Here are some things in my business that required do-overs. Some of these still need more do-overs. Some may be familiar.

  • I’ve hired and fired or lost countless employees. Some good, some bad. Sometimes I made a bad mistake with an employee and learned how to do better. Far from perfect but allowing do-overs in my hiring has contributed to creating an all-star team of wonderful people.
  • My marketing efforts are always a work in progress. Sometimes I’m on top of my game and get lots done. Sometimes I lose track and realize I haven’t posted in days! I give myself permission to restart the effort.
  • Customer do-overs are some of my favorites. I ask clients for feedback and use it to teach myself and my team how to be better. Listening with curiosity for possible do-overs is often what turns my unhappy client into the most loyal one!
  • Capturing incoming leads and opportunities had been a recurring failure for the first 15 or so years of my business. It was always overwhelming and hard. During the pandemic, I was forced to try something new — an online “leads board” shared by the entire team. I learned from my mistakes, put time and effort into focusing on the tool, encouraged and held accountable my team. Now that leads board is among my greatest successes in business, ensuring all clients are acknowledged and cared for!
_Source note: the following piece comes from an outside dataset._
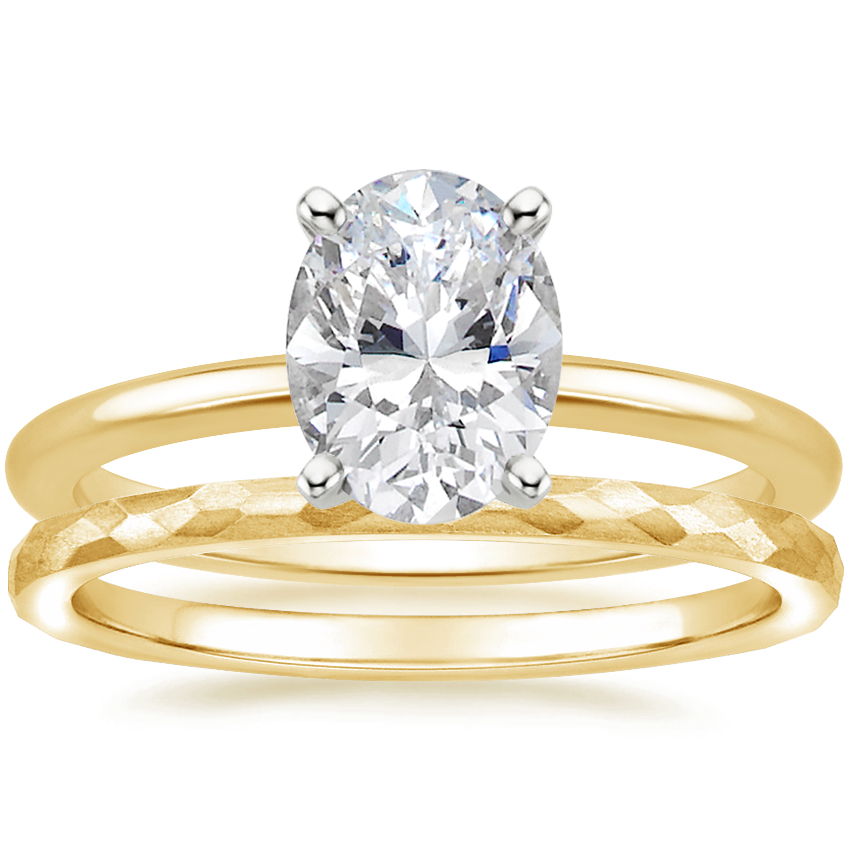 18K Yellow Gold Four-Prong Petite Comfort Fit Ring with Matte Hammered Petite Comfort Fit Wedding Ring

Granting myself infinite do-overs means I can always try again. Sometimes a do-over is trying something else, firing an employee, delegating a role, bidding on a client you haven’t won business with. Sometimes a do-over is to stop doing something, like what we stopped doing for a while this year — installs for other sign companies — as we are struggling to handle our own clients!

Channeling that childhood willingness to try again can make your redoubled efforts feel less like failure and more like learning.

I’m sure many parts of your business could use a do-over! Instead of beating yourself up or deciding you’re just not good at whatever, revisit the attitude of your favorite childhood playmates and grant yourself, and your team, that do-over, infinitely.